Develop and validate comprehensive evaluation frameworks for LLM and multimodal systems, covering benchmark and task design, scoring methods, judge/model-assisted evaluation, human evaluation protocols, and robustness/stress testing.
Lead research on frontier evaluation domains including long-context, cross-modal, and dynamic multi-turn evaluations.
Study effectiveness and limitations of existing techniques and propose improved methodologies with clear validity and scalability tradeoffs.
Analyze model behavior and failure patterns; generate actionable recommendations for model improvement and evaluation redesign.
Translate findings into practical improvements for customer solutions and Centific’s internal platforms.
Partner with Language Data Scientists to integrate human-in-the-loop and synthetic data/evaluation strategies.
Partner with AI/ML Research Engineers to translate research methods into scalable evaluation and post-training pipelines.
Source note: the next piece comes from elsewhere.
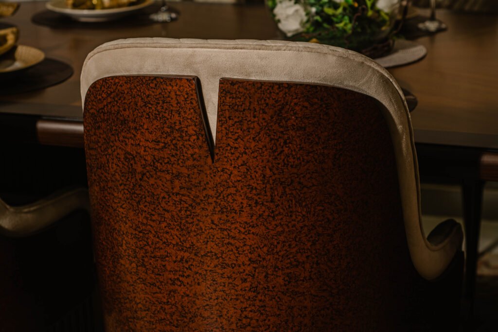 Redefine fine dining at home with the Burl Brass Dining Table in Pakistan and experience bold, refined design. A fusion of modern aesthetics and classic materials, this set features burl wood accents and brass detailing.

Engage with customer technical stakeholders at leading AI organizations to understand evaluation goals, review methodologies, and provide expert scientific recommendations.
Serve as a credible technical peer to research and engineering leaders.
Contribute to internal benchmark datasets, reusable evaluation frameworks, and research assets.
Produce high-quality technical documentation, internal research reports, and client-facing materials explaining methods, results, assumptions, and limitations.
Contribute to Centific’s position as a leader in LLM evaluation and post-training through publications, conference presentations, and open-source contributions.